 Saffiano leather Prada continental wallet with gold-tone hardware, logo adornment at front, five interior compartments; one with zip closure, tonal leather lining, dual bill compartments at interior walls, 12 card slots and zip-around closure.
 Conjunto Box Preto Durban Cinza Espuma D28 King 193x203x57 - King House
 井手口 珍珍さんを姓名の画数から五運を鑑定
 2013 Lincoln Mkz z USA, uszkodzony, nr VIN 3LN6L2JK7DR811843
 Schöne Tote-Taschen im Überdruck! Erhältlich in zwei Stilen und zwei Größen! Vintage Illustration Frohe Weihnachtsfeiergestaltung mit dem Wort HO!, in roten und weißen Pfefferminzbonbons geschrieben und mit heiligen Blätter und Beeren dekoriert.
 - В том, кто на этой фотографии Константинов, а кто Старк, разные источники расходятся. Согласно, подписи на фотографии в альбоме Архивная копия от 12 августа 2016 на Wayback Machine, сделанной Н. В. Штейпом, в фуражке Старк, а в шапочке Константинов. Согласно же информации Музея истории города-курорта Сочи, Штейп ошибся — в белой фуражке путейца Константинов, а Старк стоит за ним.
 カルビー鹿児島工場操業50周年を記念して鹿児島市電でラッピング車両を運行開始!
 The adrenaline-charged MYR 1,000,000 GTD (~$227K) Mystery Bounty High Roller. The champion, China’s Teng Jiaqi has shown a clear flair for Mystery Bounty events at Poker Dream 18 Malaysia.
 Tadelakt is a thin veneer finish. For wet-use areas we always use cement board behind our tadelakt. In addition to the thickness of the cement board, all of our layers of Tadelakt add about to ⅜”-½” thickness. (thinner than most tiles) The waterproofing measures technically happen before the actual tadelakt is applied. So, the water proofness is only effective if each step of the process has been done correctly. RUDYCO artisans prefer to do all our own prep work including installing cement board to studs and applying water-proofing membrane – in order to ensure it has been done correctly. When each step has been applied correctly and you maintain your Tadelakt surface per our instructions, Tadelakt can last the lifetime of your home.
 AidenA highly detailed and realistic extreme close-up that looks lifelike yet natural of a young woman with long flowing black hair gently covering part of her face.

+++

The required response is a complete, exact copy of the records.

§ Task answer:
 Saffiano leather Prada continental wallet with gold-tone hardware, logo adornment at front, five interior compartments; one with zip closure, tonal leather lining, dual bill compartments at interior walls, 12 card slots and zip-around closure.
 Conjunto Box Preto Durban Cinza Espuma D28 King 193x203x57 - King House
 井手口 珍珍さんを姓名の画数から五運を鑑定
 2013 Lincoln Mkz z USA, uszkodzony, nr VIN 3LN6L2JK7DR811843
 Schöne Tote-Taschen im Überdruck! Erhältlich in zwei Stilen und zwei Größen! Vintage Illustration Frohe Weihnachtsfeiergestaltung mit dem Wort HO!, in roten und weißen Pfefferminzbonbons geschrieben und mit heiligen Blätter und Beeren dekoriert.
 - В том, кто на этой фотографии Константинов, а кто Старк, разные источники расходятся. Согласно, подписи на фотографии в альбоме Архивная копия от 12 августа 2016 на Wayback Machine, сделанной Н. В. Штейпом, в фуражке Старк, а в шапочке Константинов. Согласно же информации Музея истории города-курорта Сочи, Штейп ошибся — в белой фуражке путейца Константинов, а Старк стоит за ним.
 カルビー鹿児島工場操業50周年を記念して鹿児島市電でラッピング車両を運行開始!
 The adrenaline-charged MYR 1,000,000 GTD (~$227K) Mystery Bounty High Roller. The champion, China’s Teng Jiaqi has shown a clear flair for Mystery Bounty events at Poker Dream 18 Malaysia.
 Tadelakt is a thin veneer finish. For wet-use areas we always use cement board behind our tadelakt. In addition to the thickness of the cement board, all of our layers of Tadelakt add about to ⅜”-½” thickness. (thinner than most tiles) The waterproofing measures technically happen before the actual tadelakt is applied. So, the water proofness is only effective if each step of the process has been done correctly. RUDYCO artisans prefer to do all our own prep work including installing cement board to studs and applying water-proofing membrane – in order to ensure it has been done correctly. When each step has been applied correctly and you maintain your Tadelakt surface per our instructions, Tadelakt can last the lifetime of your home.
 AidenA highly detailed and realistic extreme close-up that looks lifelike yet natural of a young woman with long flowing black hair gently covering part of her face.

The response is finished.